As internal functions, back-office tasks, whether payroll processing or purchase order issuance, face no competition: without a market, there’s no way to prove if they’re competitive or not. Outsourcing is only applicable under certain conditions and mainly for large companies, and third-party proposals rarely serve as efficiency benchmarks. Therefore, when seeking competitiveness in these functions, how can one determine if they are efficient? How can improvement goals be set? How can we identify and understand the factors that explain the efficiency or productivity of these functions in order to improve them?
Ten years ago, Montblanc, together with one of its major clients, decided to conduct a benchmark focused on back-office functions, allowing participants to understand their competitiveness, prioritize their improvement efforts, and eventually set goals for these improvements. To achieve this, we had to understand the details of transaction costs and the explanatory factors of costs and productivity for each participating company. Then, in 2022, we repeated this exercise and today we contrast the results.
Over the past 10 years, we have observed a slow but steady transformation of back-office functions, achieving significantly greater efficiency and productivity. For example, functions like treasury have halved the treasury expense-to-revenue ratio through strong automation of operations and reconciliations.
However, these improvements may not be sustainable over time given the significant 50% gap in IT investment and spending compared to peers in North America. Over the past 10 years, companies have, on average, maintained the proportion of IT investment and spending relative to their revenue, and larger companies, in particular, have tended to lower the ratio as they have already made the key technological investments necessary to compete—investments that smaller companies have begun to make more recently.
Regarding the most recent survey period, overall and on average, the unit costs of back-office functions have not changed much in nominal terms: companies have maintained their back-office expense management at the same level, and the expected significant reductions from automation or digital transformation (DT) have not materialized; end-to-end process automations are still few.
Other relevant functions show significant opportunities for improvement, such as:
- Procurement: Centralization remains low, with two-thirds of companies having less than 60% of their purchases centralized, which is still well below the 82% average in large North American companies. Similarly, the application of purchase agreements or pricing agreements also appears low at 24% or 17%, depending on whether goods or services are considered. While the Purchase Order (PO) process has been automated for many, few participants report automation in other processes, and the application of Artificial Intelligence (AI) is only seen in the generation of inventory codes.
- Accounting: 40% of participants have automated invoice processing, accounting report generation, and account reconciliation, and 90% issue invoices via EDI (electronic invoices platform). Neither going public nor the number of legal entities shows a direct relationship with efficiency, but business volume does.

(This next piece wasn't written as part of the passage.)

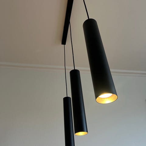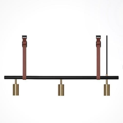 Perfekt lampe til køkken ø. 180 cm. Brun læder, sortmalet metalrør og spots i bruneret messing. Designet af Niclas Hoflin 2014.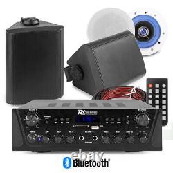 Dimensions (L x W x H): 282 x 242 x 80mm. Accessories: Power Cable, Remote control. BBA4464 - 5 Black Wall Speaker Set Weatherproof Outdoor Garden Terrace Background Music.The weather resistant enclosure with aluminium grille makes this speaker pair ideal for indoor or outdoor use, like terraces, outdoor events, swimming pools, garden areas and marine or boat use. 2-Way Bass reflex speakers with crossover network. Suitable for In- and Outdoor use.

- Management Control: On average, 50% of the reports issued by the area are automated.
- Human Resources (HR): There are still large differences between participants in the costs of non-transactional functions such as Organizational Development, Talent Management, Culture, etc., and thus in the total HR cost per employee. The average is higher than for North American companies. The level of automation outside of ERP, by RPA or AI, is very low. We do see a change in training delivery, with more than half now online. Transactional process costs show economies of scale.
The results indicate that there is still a significant opportunity to improve the efficiency and productivity of back-office services.